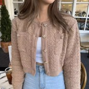 ショートジャケット レディース カーディガン 長袖 ラウンドネック クルーネック ボタン シングルブレスト ショート丈 クロップド丈 4color きれいめ エレガント カジュアル おしゃれ
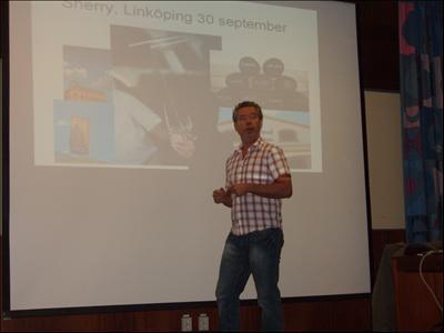 Den 30/9 hade Whisky Lassies besök från Stockholm och Johan Franco Cereceda, som guidade oss på en resa genom Spaniens södra delar och dess sherrytillverkning. Ett underhållande och mycket intressant föredrag där Johan berättade om historien tillverkningsmetoderna och skillnaderna mellan de olika sherrytyperna, betydelsen av jordmån m.m. Sorterna vi provade var:
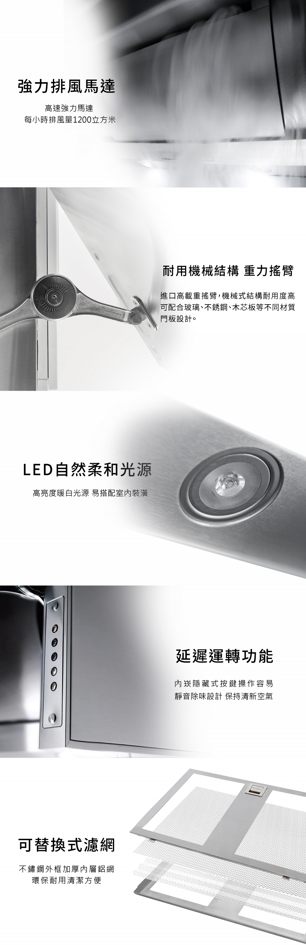 1. 請掀開門板,按下右邊開關分別是一檔,二檔、 三檔、 照明燈,即可啟動排油煙機。
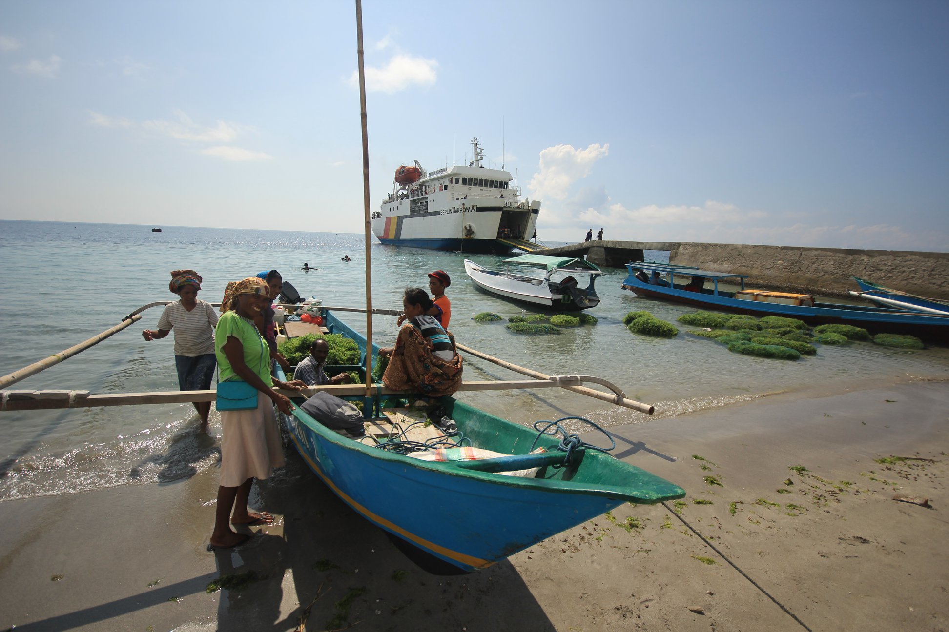 All we did there was, relaxing at our sea view bungalow reading a book or just muckin around with my photo/videos I took during the stay, jump into the water, snorkel, eat, sleep, went for a walk around the village and felt great! The local people were so friendly. All we see are just people smiling at us and say bondia, botarde and bonoite to greet us. Most of the locals are fishermen/women and seaweed farmers. I quite enjoy walking along the coast looking at them spear fishing or spread the net on a tiny boat with all of the family members on board. You can see their catches on Saturday market where big boat from Dili visit, The Berlin Nakroma.
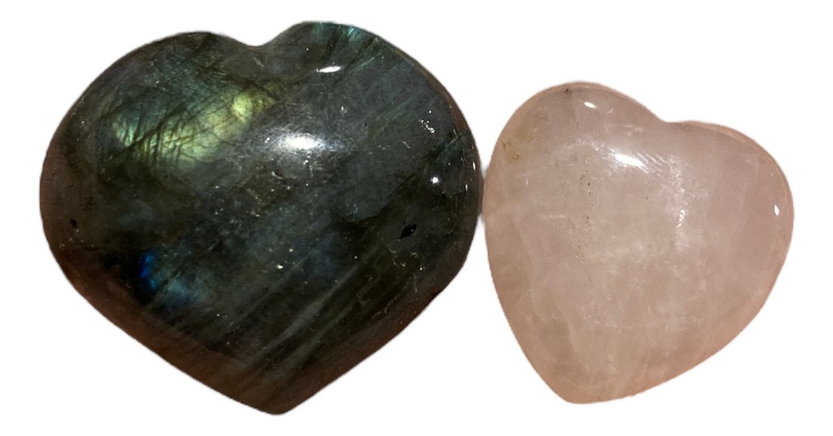 Mini Kit De Corazones Cuarzo Rosa Y Labradorita Amuleto Amor
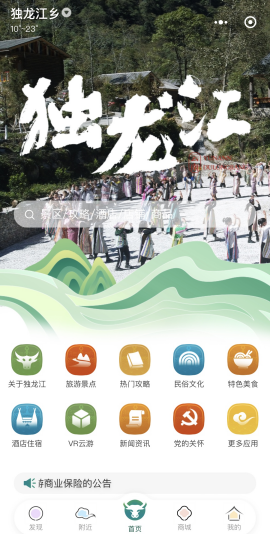 “云游独龙江”智慧文旅平台以大数据、人工智能、云计算、虚拟现实、增强现实等新一代信息技术为支撑,以轻量化载体小程序为入口,其中涵盖了热门攻略、民俗文化、VR云游、酒店住宿等功能,提供了专业权威的文旅资讯、个性化的产品服务,同时也为广大游客提供“吃、住、行、游、购、娱”等方面的智慧旅游服务,实现了一个二维码畅游独龙江。
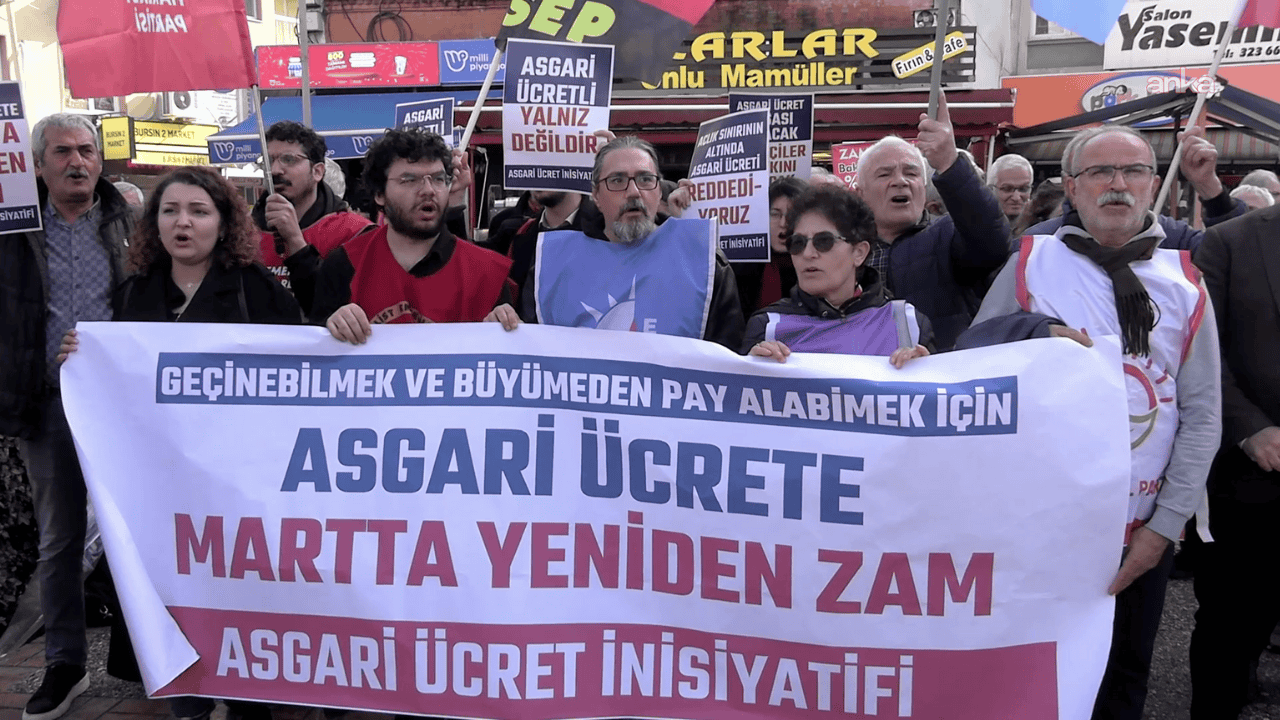 Asgari Ücret İnisiyatifi, İzmir’in Karşıyaka ilçesinde düzenlediği basın toplantısında mart ayında asgari ücrete yeniden zam yapılması çağrısında bulundu. İstanbul, Ankara ve İzmir’de eş zamanlı okunan açıklamayı Serap Gülhan Gündüz okudu.
====
Your task:
All of the records must come back exactly as they stand, minus every picture.

Result:
 ショートジャケット レディース カーディガン 長袖 ラウンドネック クルーネック ボタン シングルブレスト ショート丈 クロップド丈 4color きれいめ エレガント カジュアル おしゃれ
 Den 30/9 hade Whisky Lassies besök från Stockholm och Johan Franco Cereceda, som guidade oss på en resa genom Spaniens södra delar och dess sherrytillverkning. Ett underhållande och mycket intressant föredrag där Johan berättade om historien tillverkningsmetoderna och skillnaderna mellan de olika sherrytyperna, betydelsen av jordmån m.m. Sorterna vi provade var:
 1. 請掀開門板,按下右邊開關分別是一檔,二檔、 三檔、 照明燈,即可啟動排油煙機。
 All we did there was, relaxing at our sea view bungalow reading a book or just muckin around with my photo/videos I took during the stay, jump into the water, snorkel, eat, sleep, went for a walk around the village and felt great! The local people were so friendly. All we see are just people smiling at us and say bondia, botarde and bonoite to greet us. Most of the locals are fishermen/women and seaweed farmers. I quite enjoy walking along the coast looking at them spear fishing or spread the net on a tiny boat with all of the family members on board. You can see their catches on Saturday market where big boat from Dili visit, The Berlin Nakroma.
 Mini Kit De Corazones Cuarzo Rosa Y Labradorita Amuleto Amor
 “云游独龙江”智慧文旅平台以大数据、人工智能、云计算、虚拟现实、增强现实等新一代信息技术为支撑,以轻量化载体小程序为入口,其中涵盖了热门攻略、民俗文化、VR云游、酒店住宿等功能,提供了专业权威的文旅资讯、个性化的产品服务,同时也为广大游客提供“吃、住、行、游、购、娱”等方面的智慧旅游服务,实现了一个二维码畅游独龙江。
 Asgari Ücret İnisiyatifi, İzmir’in Karşıyaka ilçesinde düzenlediği basın toplantısında mart ayında asgari ücrete yeniden zam yapılması çağrısında bulundu. İstanbul, Ankara ve İzmir’de eş zamanlı okunan açıklamayı Serap Gülhan Gündüz okudu.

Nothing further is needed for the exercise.